16 . The electronic device of claim 13 , wherein the at least one processor is further configured to extract first local feature data and second local feature data of the first patch from the first patch, by using the second artificial intelligence model, generate first local-global feature data in which the first local feature data of the first patch is concatenated with the global feature data of the first patch, and second local-global feature data in which the second local feature data of the first patch is concatenated with the global feature data of the first patch, predict a first gene expression value for the first patch based on the first local-global feature data, and predict a second gene expression value for the first patch based on the second local-global feature data, by using the third artificial intelligence model, and determine a final gene expression value for the first patch based on at least one of the first gene expression value or the second gene expression value.

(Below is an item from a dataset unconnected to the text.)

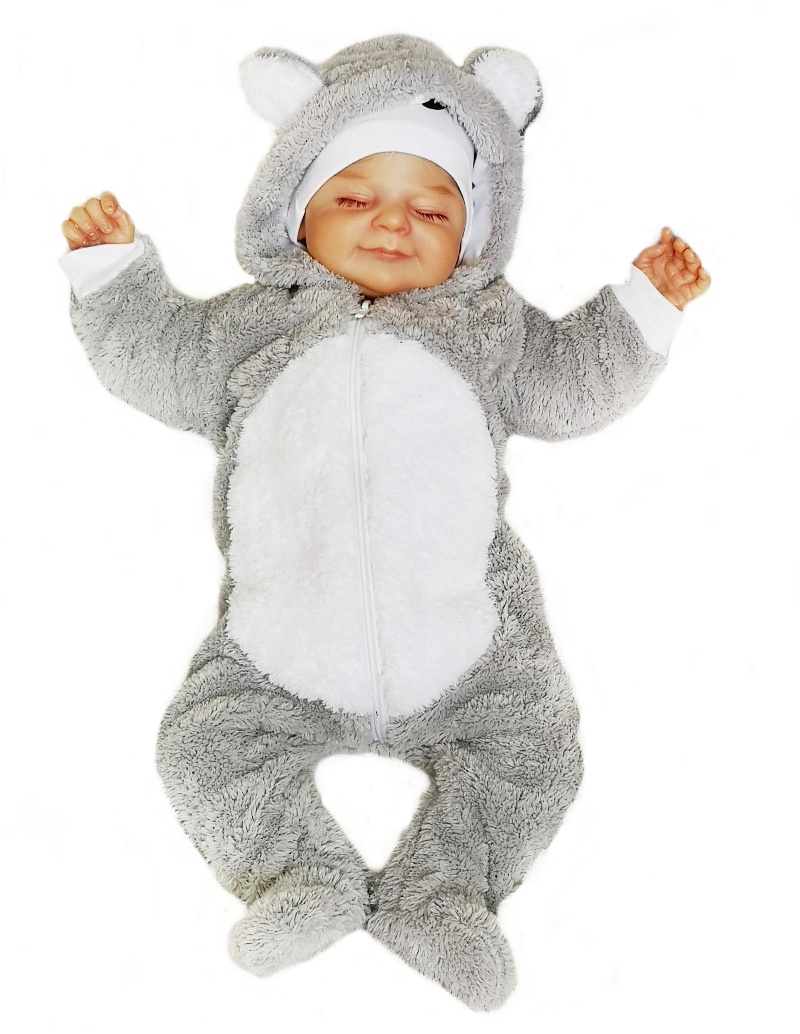 měkoučký overálek z teploučkého materiálu luna se zapínáním uprostřed na zip je celý podšitý bavlnou.

17 . The electronic device of claim 16 , wherein the second artificial intelligence model comprises a plurality of sequentially connected layers,
the first local feature data is output data from a deepest layer among the plurality of layers, and the second local feature data is data generated based on output data from a layer other than the deepest layer among the plurality of layers.
18 . The electronic device of claim 13 , wherein the first artificial intelligence model comprises a positional information encoder configured to encode patch positional information in the histology image, and
the at least one processor is further configured to extract the global feature data of the first patch in which positional information of the first patch is encoded, by using the positional information encoder.
19 . The electronic device of claim 18 , wherein the at least one processor is further configured to perform at least one self-attention operation based on the initial feature data of the first patch and the initial feature data of the second patch, perform a convolution operation on result data of the at least one self-attention operation, based on the positional information of the first patch and positional information of the second patch, perform a deformable convolution operation on the result data of the at least one self-attention operation, based on the positional information of the first patch and the positional information of the second patch, and extract the global feature data of the first patch in which the positional information of the first patch is encoded, based on result data of the convolution operation and result data of the deformable convolution operation.
20 . The electronic device of claim 13 , wherein
the first artificial intelligence model, the second artificial intelligence model, and the third artificial intelligence model are trained by using a loss function based on a difference between a first gene expression value for a target patch included in a training image, and a second gene expression value for the target patch, the first gene expression value for the target patch is predicted based on output data from a deepest layer of the second artificial intelligence model for the target patch, and the second gene expression value for the target patch is predicted based on output data from a layer other than the deepest layer of the second artificial intelligence model for the target patch.Cited by (0)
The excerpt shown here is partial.